* **What this task involves**: Your answer must be every line of the data that holds the string "却回答了所有问题".

··· Exercise inputs ···

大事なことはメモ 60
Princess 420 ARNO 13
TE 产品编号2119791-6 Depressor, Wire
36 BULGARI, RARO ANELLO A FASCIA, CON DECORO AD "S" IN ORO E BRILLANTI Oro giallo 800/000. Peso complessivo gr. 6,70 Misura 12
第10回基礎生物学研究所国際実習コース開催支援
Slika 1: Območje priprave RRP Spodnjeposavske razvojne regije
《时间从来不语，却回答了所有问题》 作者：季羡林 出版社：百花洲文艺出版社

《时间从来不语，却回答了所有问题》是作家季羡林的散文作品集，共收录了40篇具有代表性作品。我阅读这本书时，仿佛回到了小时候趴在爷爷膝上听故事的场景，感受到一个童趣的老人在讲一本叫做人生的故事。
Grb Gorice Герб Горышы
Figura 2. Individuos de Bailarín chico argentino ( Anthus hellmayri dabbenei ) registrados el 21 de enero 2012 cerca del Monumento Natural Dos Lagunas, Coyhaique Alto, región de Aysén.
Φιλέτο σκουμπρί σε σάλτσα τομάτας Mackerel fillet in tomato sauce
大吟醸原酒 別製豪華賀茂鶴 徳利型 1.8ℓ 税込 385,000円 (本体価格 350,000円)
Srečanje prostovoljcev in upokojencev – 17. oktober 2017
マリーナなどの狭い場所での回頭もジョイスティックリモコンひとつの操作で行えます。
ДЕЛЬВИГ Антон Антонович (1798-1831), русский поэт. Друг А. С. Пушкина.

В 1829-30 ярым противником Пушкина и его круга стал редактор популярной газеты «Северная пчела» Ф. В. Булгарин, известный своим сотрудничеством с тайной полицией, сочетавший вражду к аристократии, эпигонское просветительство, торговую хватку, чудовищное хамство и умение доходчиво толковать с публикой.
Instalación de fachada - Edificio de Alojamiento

···

* **Result**:
《时间从来不语，却回答了所有问题》 作者：季羡林 出版社：百花洲文艺出版社
《时间从来不语，却回答了所有问题》是作家季羡林的散文作品集，共收录了40篇具有代表性作品。我阅读这本书时，仿佛回到了小时候趴在爷爷膝上听故事的场景，感受到一个童趣的老人在讲一本叫做人生的故事。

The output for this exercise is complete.